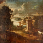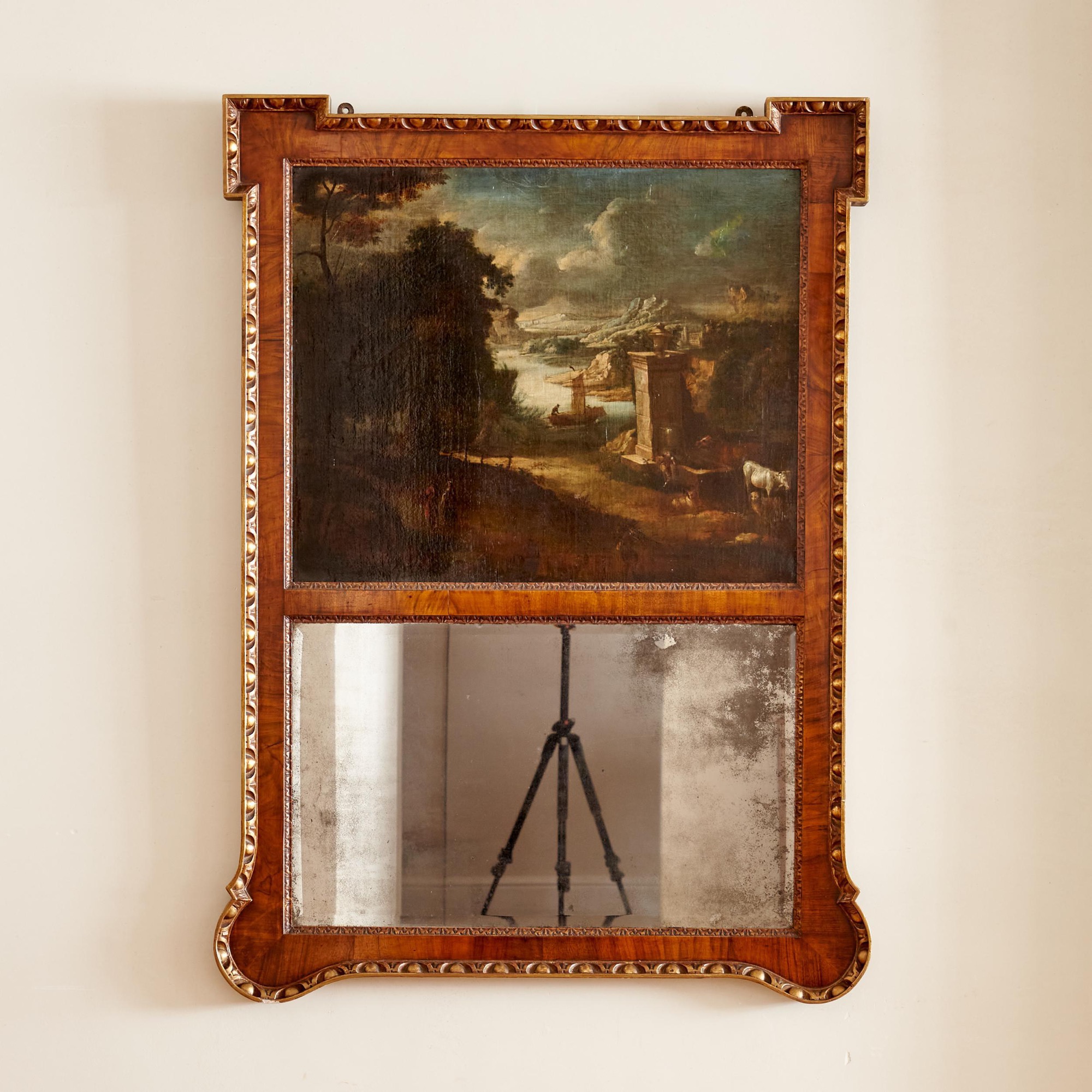 The walnut frame with a gilded egg and dart border enclosing the original rectangular mirror plate to the bottom below an 18th century oil on canvas depicting a romantic landscape.
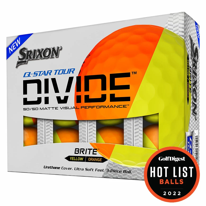 Meet the all-new Q-STAR TOUR DIVIDE, a golf ball that stands out on the course with its unique 50/50 matte urethane cover. DIVIDE boasts all the drive-boosting, chip-stopping performance of a classic Q-STAR TOUR, but comes in a new dual color construction.
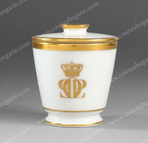 *LOUIS-PHILIPPE. SERVICE DU DUC D'ORLEANS. Pot à jus couvert, de forme évasée vers le haut, en porcelaine blanche, à décor central marqué du chiffre de L.P.O. (Louis Philippe Orléans) sous couronne royale en lettres d'or. Bon état. Travail...
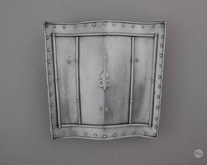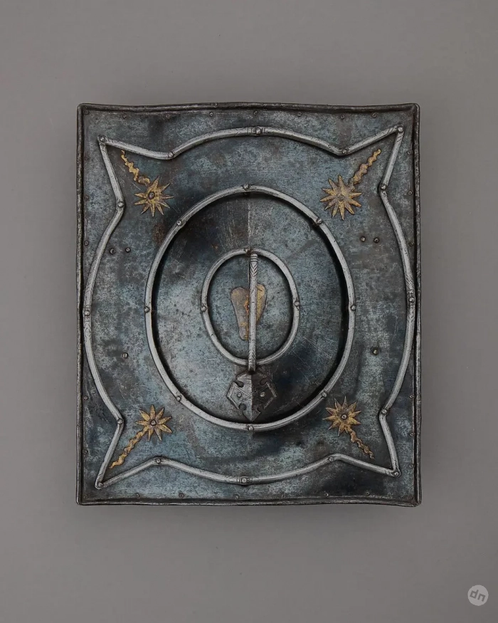 Это один из большой группы щитов, украшенных в ближневосточном стиле. Предполагается, что он был изготовлен для телохранителей Вольфа Дитриха фон Райтенау, принца-архиепископа Зальцбургского (правил в 1587-1612 гг.). Материалы: дерево, кожа, гипс, золото, серебряная фольга. Диаметр 59,69 см. Вес 2155 г.
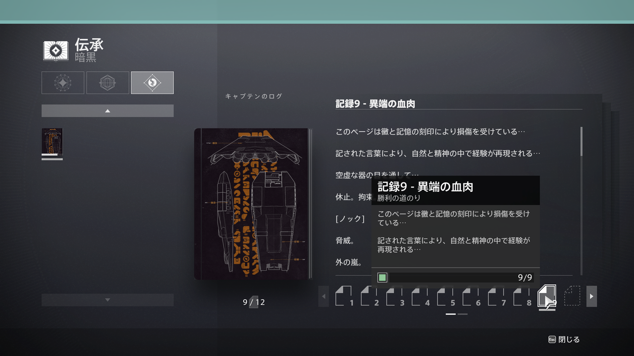 全部で12個あり、今週が9つ目であれば伝承「記録9-異端の血肉」が解除されます。
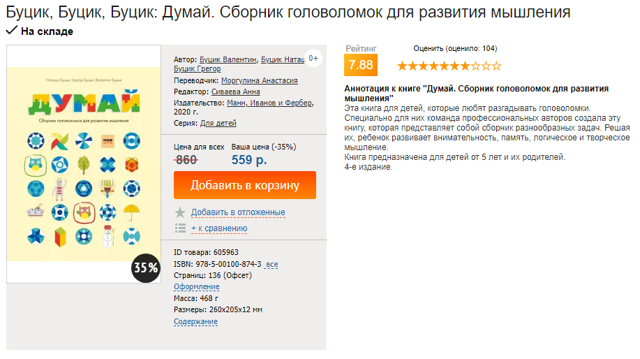 Думай и Думай 2. Сборник головоломок для развития мышления [Буцик, МИФ] [Повтор]
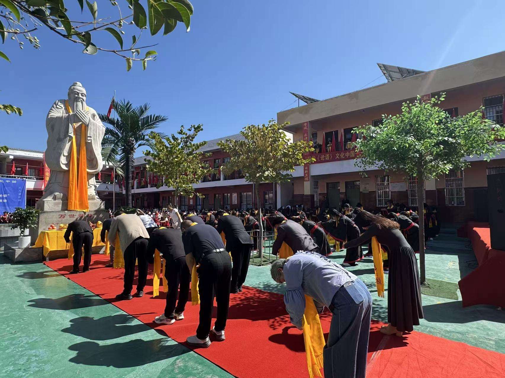 祭孔仪式将活动推向高潮。在肃穆的乐曲中,全体 人员肃立鞠躬,以传统礼仪表达对先师孔子的崇高敬意。《礼运大同》歌声悠扬响起,“大道之行也,天下为公”的旋律穿越千年,在校园上空久久回荡。庄重的仪式让参与者深刻感受到中华礼仪文化的魅力,增强了文化认同与自信。
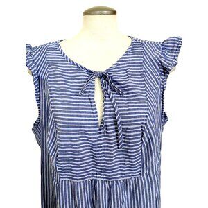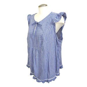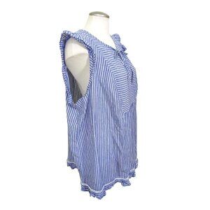 This is a women's plus size sleeveless tank top in blue and white stripes with a keyhole front and ruffle accents. The top has a coastal grandma, nautical-themed design, perfect for a casual summer or spring outfit. It is made of a comfortable and breathable 100% cotton material and features a classic fit. The brand is Joe Fresh, and the size type is plus.
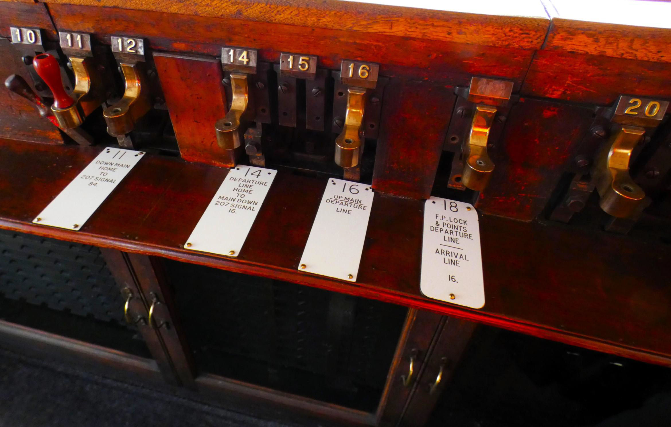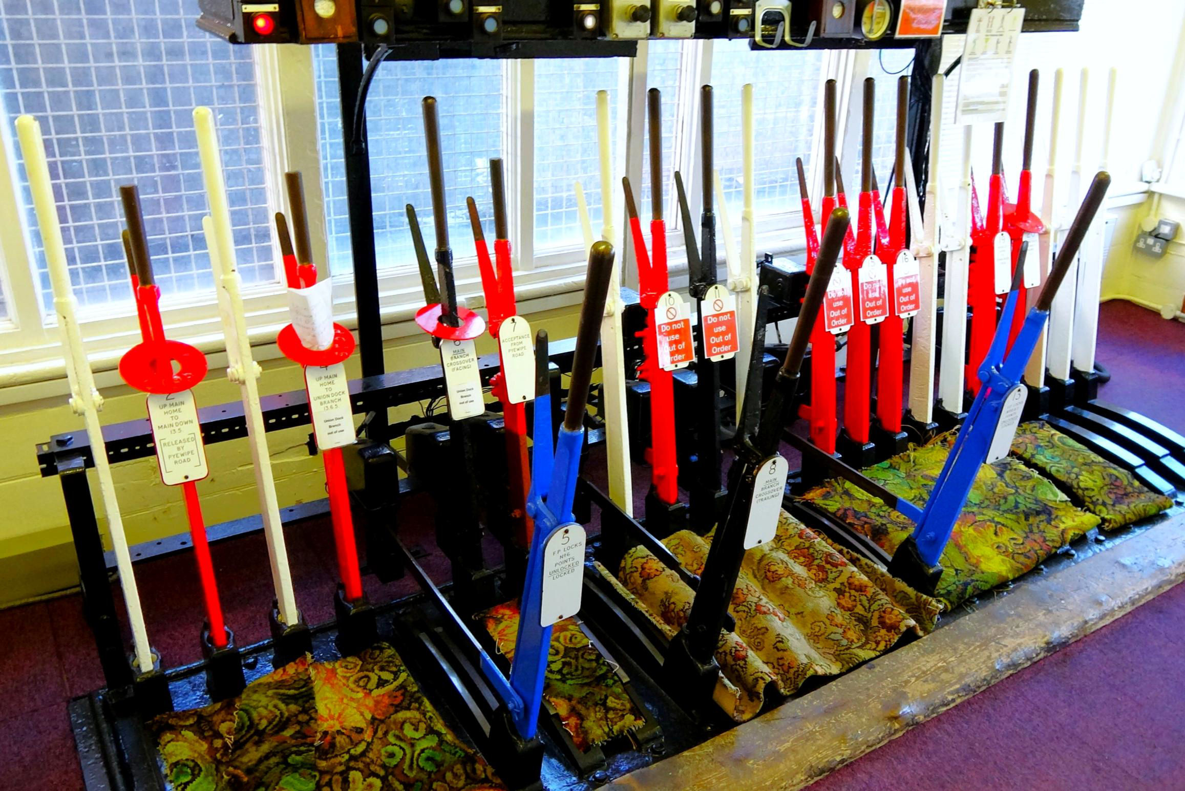 Great Coates No1 (Sidings) frame with no sidings these days and many levers now out of order or spare (painted white).
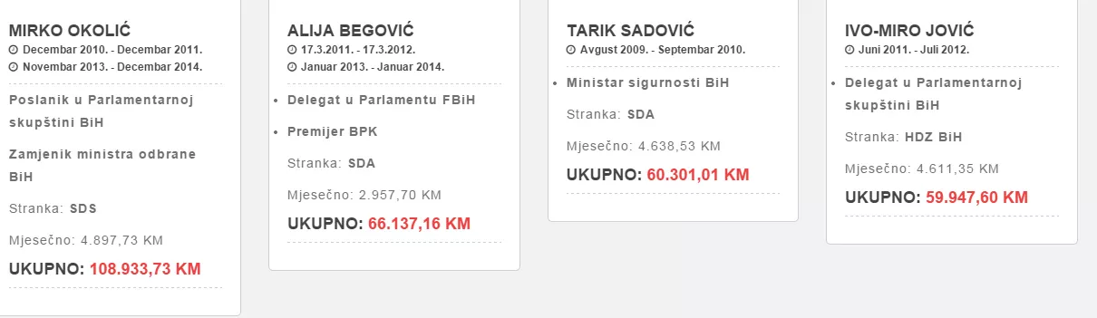 Predsjednici, premijeri, ministri, njihovi zamjenici i savjetnici te poslanici i rukovodioci nekih državnih institucija mogu primati plaću i nakon okončanja mandata. Ovo pravo daju im zakoni koje su sami napisali i usvojili na državnom, entitetskim i kantonalnim nivoima vlasti, prenosi novinska agencija Patria.
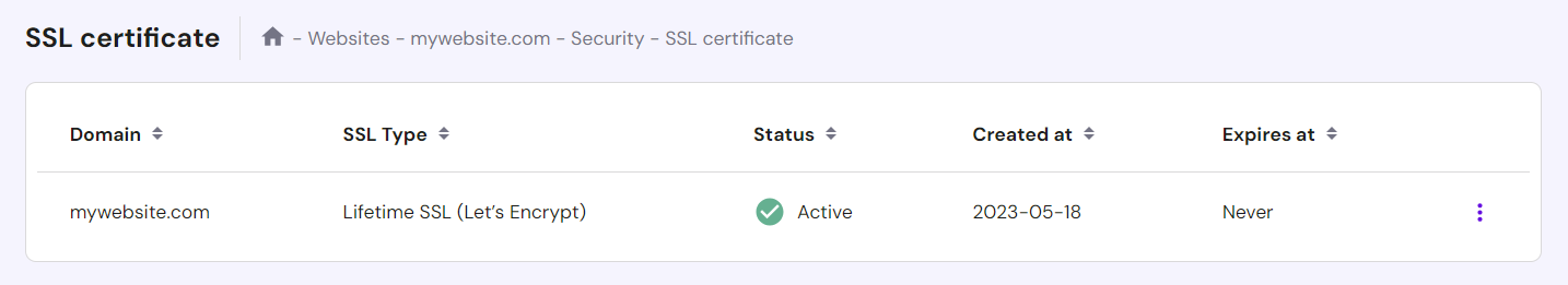 Most hosting companies include SSL with their plans. Hostinger, for example, provides free lifetime Let’s Encrypt SSL certificates on all its WordPress hosting plans. Our users can check their SSL status via Websites → Security → SSL from the hPanel dashboard.

▶ _DIRECTIONS FOR THIS TASK_: Please return only the lines from the top of the data through the line with "This is a women's", exactly as written, and drop every picture.

▶ _RESULT OF THE EXERCISE_:
 The walnut frame with a gilded egg and dart border enclosing the original rectangular mirror plate to the bottom below an 18th century oil on canvas depicting a romantic landscape.
 Meet the all-new Q-STAR TOUR DIVIDE, a golf ball that stands out on the course with its unique 50/50 matte urethane cover. DIVIDE boasts all the drive-boosting, chip-stopping performance of a classic Q-STAR TOUR, but comes in a new dual color construction.
 *LOUIS-PHILIPPE. SERVICE DU DUC D'ORLEANS. Pot à jus couvert, de forme évasée vers le haut, en porcelaine blanche, à décor central marqué du chiffre de L.P.O. (Louis Philippe Orléans) sous couronne royale en lettres d'or. Bon état. Travail...
 Это один из большой группы щитов, украшенных в ближневосточном стиле. Предполагается, что он был изготовлен для телохранителей Вольфа Дитриха фон Райтенау, принца-архиепископа Зальцбургского (правил в 1587-1612 гг.). Материалы: дерево, кожа, гипс, золото, серебряная фольга. Диаметр 59,69 см. Вес 2155 г.
 全部で12個あり、今週が9つ目であれば伝承「記録9-異端の血肉」が解除されます。
 Думай и Думай 2. Сборник головоломок для развития мышления [Буцик, МИФ] [Повтор]
 祭孔仪式将活动推向高潮。在肃穆的乐曲中,全体 人员肃立鞠躬,以传统礼仪表达对先师孔子的崇高敬意。《礼运大同》歌声悠扬响起,“大道之行也,天下为公”的旋律穿越千年,在校园上空久久回荡。庄重的仪式让参与者深刻感受到中华礼仪文化的魅力,增强了文化认同与自信。
 This is a women's plus size sleeveless tank top in blue and white stripes with a keyhole front and ruffle accents. The top has a coastal grandma, nautical-themed design, perfect for a casual summer or spring outfit. It is made of a comfortable and breathable 100% cotton material and features a classic fit. The brand is Joe Fresh, and the size type is plus.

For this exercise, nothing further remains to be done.